Factors in Virulence Expression and Their Role in Periodontal Disease Pathogenesis

Abstract

The classic progression of the development of periodontitis with its associated formation of an inflammatory lesion is characterized by a highly reproducible microbiological progression of a Gram-positive microbiota to a highly pathogenic Gram-negative one. While this Gram-negative microbiota is estimated to consist of at least 300 different microbial species, it appears to consist of a very limited number of microbial species that are involved in the destruction of periodontal diseases. Among these "putative periodontopathic species" are members of the genera Porphyromonas, Bacteroides, Fusobacterium, Wolinella, Actinobacillus, Capnocytophaga, and Eikenella. While members of the genera Actinomyces and Streptococcus may not be directly involved in the microbial progression, these species do appear to be essential to the construction of the network of microbial species that comprise both the subgingival plaque matrix.

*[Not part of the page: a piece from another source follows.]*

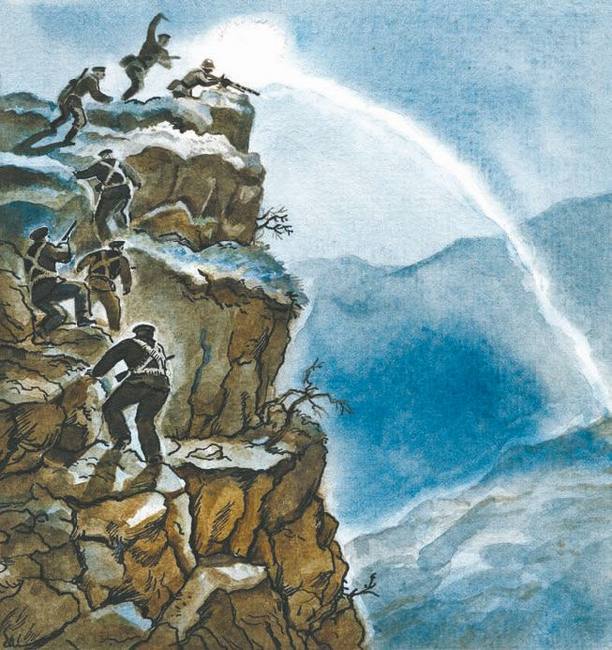 В сумерки он с пятью разведчиками ушёл к скале. Мы ждали его без сна.

The temporal fluctuation (emergence/disappearance) of members of this microbiota from the developing lesion appears to depend upon the physical interaction of the periodontal pocket inhabitants, as well as the utilization of the metabolic end-products of the respective species intimately involved in the disease progression. A concerted action of the end-products of prokaryotic metabolism and the destruction of host tissues through the action of a large number of excreted proteolytic enzymes from several of these periodontopathogens contribute directly to the periodontal disease process. Important to the role of these prokaryotes in attacking the host is the ability of several of them to directly attack host tissues by proteolytic digestion, as well as their ability to elaborate large amounts and types of "virulence factors" - LPS, outer membrane proteins, and vesicles, toxins, enzymes, which act both directly and indirectly through the activation of a variety of macromolecules that themselves are destructive to the host. The elaboration of several of these virulence factors appears to be closely regulated by the expression of host factors (i.e., hemin) that appear in several in vivo animal models of pathogenesis to control the virulence of the specific microbial species. Recent studies in a number of laboratories involved in studies of both oral and nonoral diseases indicate that those observations relevant to pathogenesis and virulence in in vitro models may have little if any applicability to that which occurs in vivo.